Crudo by Olivia Laing

Near the end of Crudo, the book’s protagonist, Kathy, is having a conversation about plagiarism, which doesn’t concern her, and we get this: “You take what you find, it’s all material, I mean what is art if it’s not plagiarising the world?” (121). Which is a pretty good thesis statement for the novel as a whole, which is full of bits of actual life: people’s tweets, bits of news headlines, details from Kathy Acker’s life and quotes from her writing, and details from Olivia Laing’s life, too: moments from the summer of 2017, twined with fiction to make a novel about the anxieties of that particular moment, both globally/politically and personally for the protagonist (who is on the verge of marriage when the book opens and not sure she’s suited to it). It was interesting to read this book so soon after I read Laing’s The Lonely City: the proximity in time of my reading experiences made the points of overlap between the texts stand out to me—little things like references to Basquiat, or the Alphabet City location of Ninth Street Espresso, but also bigger themes of how people relate to each other.

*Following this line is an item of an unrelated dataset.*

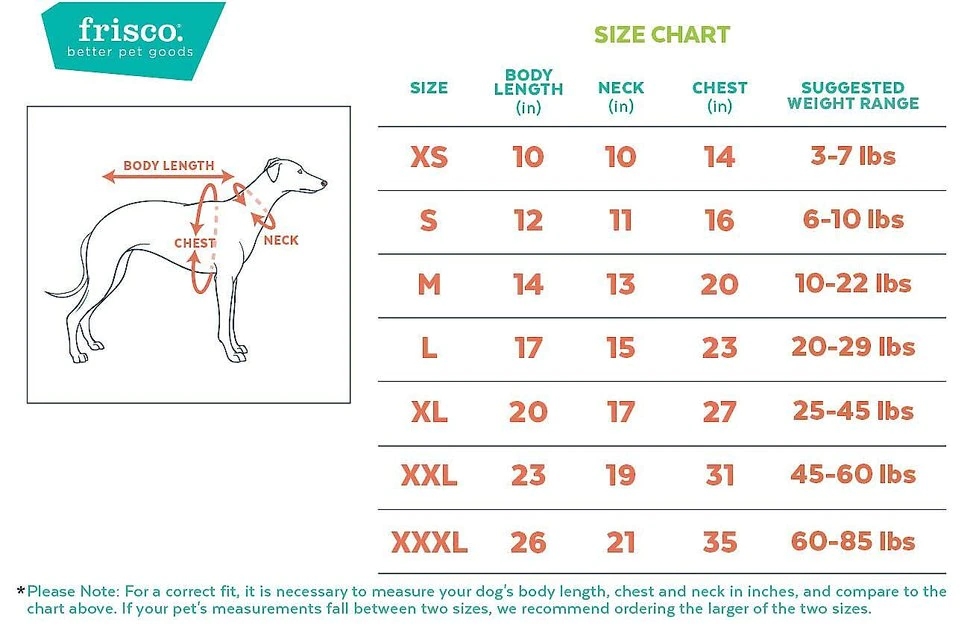 | Size | Body Length | Neck | Chest | Suggested Weight Range | Suggested Breed Size |
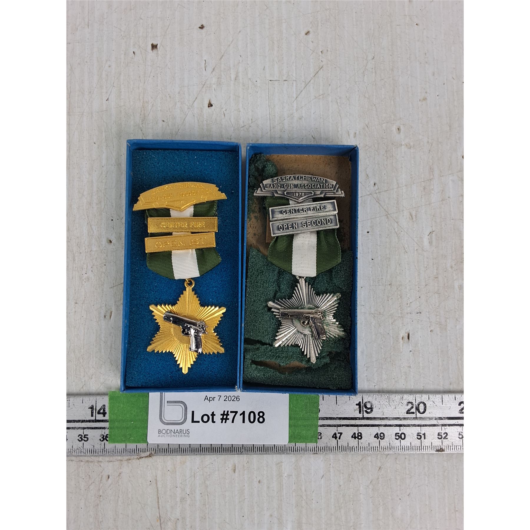 Lot 7108 (2) Saskatchewan Hand Gun Association Medals- Gold And Silver Colored

I liked both books, but I liked Crudo more, the style and pacing of it, the narrative playfulness, the prickliness of the protagonist. (From page 2: “Was Kathy nice? Unclear.”) So, plotwise: Kathy is 40; Kathy is getting married. Kathy and her husband-to-be are in Italy together, and then in England, where they live. They are preparing for their wedding, and Kathy is preparing for a trip to New York, and it kind of feels like the world might end. I like how the narrative looks at Kathy’s personal happiness and how it contrasts with her unease with the state of the world and also looks at her personal unease, the question not only of how to be happy/in love when it seems like the world is falling apart, but also the question of how to be happy/in love when one is perhaps a difficult person, and when solitude/loneliness has been, or has seemed to be, a key part of one’s identity. I like passages like this:

You think you know yourself inside out when you live alone, but you don’t, you believe you are a calm untroubled or at worst melancholic person, you do not realise how irritable you are, how any little thing, the wrong kind of touch or tone, a lack of speed in answering a question, a particular cast of expression will send you into apoplexy because you are unchill, because you have not learnt how to soften your borders, how to make room. You’re selfish and rigid and absorbed, you’re like an infant. (65-66)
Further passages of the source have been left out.